Dataset records
* * * * *

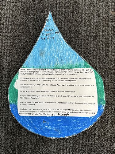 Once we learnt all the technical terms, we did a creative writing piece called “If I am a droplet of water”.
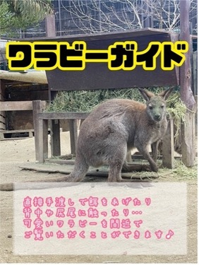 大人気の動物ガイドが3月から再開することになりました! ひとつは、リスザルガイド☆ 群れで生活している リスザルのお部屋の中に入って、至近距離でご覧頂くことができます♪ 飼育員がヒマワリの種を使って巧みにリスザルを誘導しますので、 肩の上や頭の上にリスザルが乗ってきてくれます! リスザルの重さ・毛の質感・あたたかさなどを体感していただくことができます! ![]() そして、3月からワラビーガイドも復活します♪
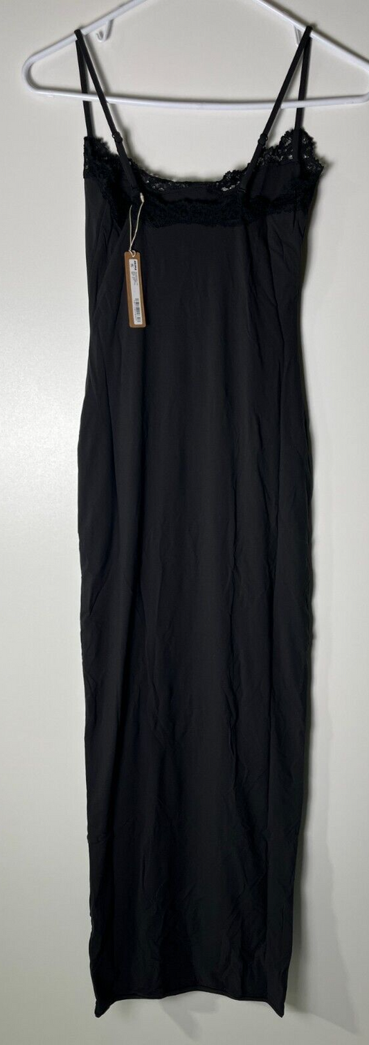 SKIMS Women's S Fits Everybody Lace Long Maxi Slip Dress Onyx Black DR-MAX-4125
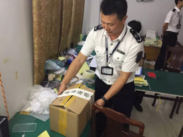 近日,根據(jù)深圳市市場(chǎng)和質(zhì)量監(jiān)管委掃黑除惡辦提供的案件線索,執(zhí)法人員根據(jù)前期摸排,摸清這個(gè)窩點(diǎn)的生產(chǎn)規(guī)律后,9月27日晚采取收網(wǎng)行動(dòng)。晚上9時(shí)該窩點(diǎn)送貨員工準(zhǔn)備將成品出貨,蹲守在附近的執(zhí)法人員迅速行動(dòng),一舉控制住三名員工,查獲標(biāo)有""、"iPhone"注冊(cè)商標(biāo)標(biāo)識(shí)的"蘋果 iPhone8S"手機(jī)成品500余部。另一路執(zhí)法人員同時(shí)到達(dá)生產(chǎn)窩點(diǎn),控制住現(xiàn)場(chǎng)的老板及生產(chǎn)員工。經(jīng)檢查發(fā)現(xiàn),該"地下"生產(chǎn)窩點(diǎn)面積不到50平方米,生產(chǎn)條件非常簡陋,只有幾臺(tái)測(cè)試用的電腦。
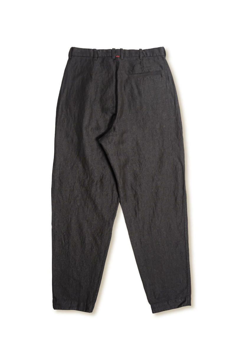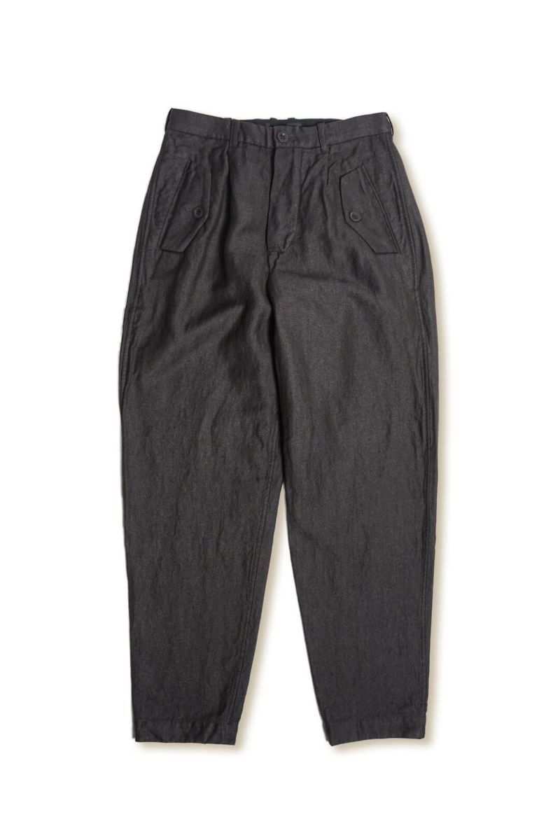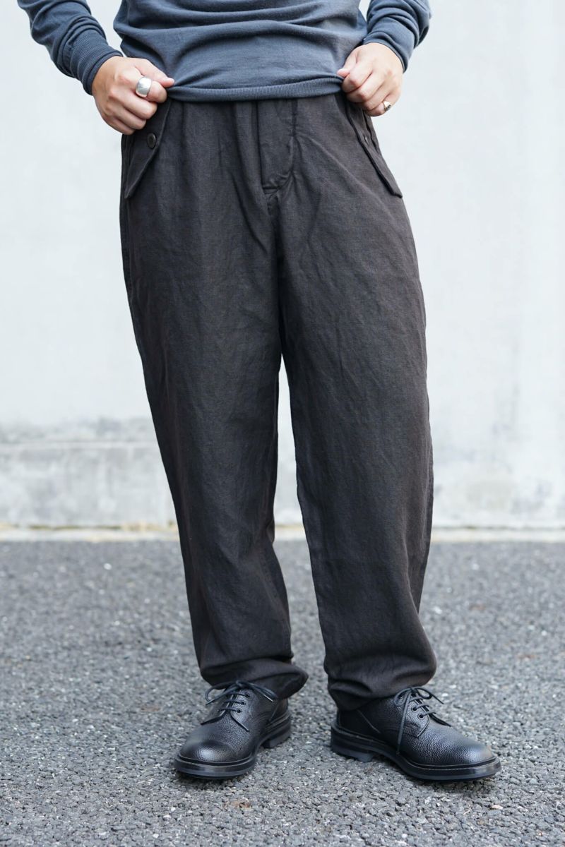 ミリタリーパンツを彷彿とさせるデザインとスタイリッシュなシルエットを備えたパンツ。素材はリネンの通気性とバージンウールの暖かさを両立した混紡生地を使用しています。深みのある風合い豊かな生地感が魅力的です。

* * * * *

◆ **Your assignment**
Leave out every picture, and copy exactly the lines above starting at the one holding "SKIMS Women's S" and ending at the one holding "近日,根據(jù)深圳市市場", no more and no less.

◆ **Task answer**
 SKIMS Women's S Fits Everybody Lace Long Maxi Slip Dress Onyx Black DR-MAX-4125
 近日,根據(jù)深圳市市場(chǎng)和質(zhì)量監(jiān)管委掃黑除惡辦提供的案件線索,執(zhí)法人員根據(jù)前期摸排,摸清這個(gè)窩點(diǎn)的生產(chǎn)規(guī)律后,9月27日晚采取收網(wǎng)行動(dòng)。晚上9時(shí)該窩點(diǎn)送貨員工準(zhǔn)備將成品出貨,蹲守在附近的執(zhí)法人員迅速行動(dòng),一舉控制住三名員工,查獲標(biāo)有""、"iPhone"注冊(cè)商標(biāo)標(biāo)識(shí)的"蘋果 iPhone8S"手機(jī)成品500余部。另一路執(zhí)法人員同時(shí)到達(dá)生產(chǎn)窩點(diǎn),控制住現(xiàn)場(chǎng)的老板及生產(chǎn)員工。經(jīng)檢查發(fā)現(xiàn),該"地下"生產(chǎn)窩點(diǎn)面積不到50平方米,生產(chǎn)條件非常簡陋,只有幾臺(tái)測(cè)試用的電腦。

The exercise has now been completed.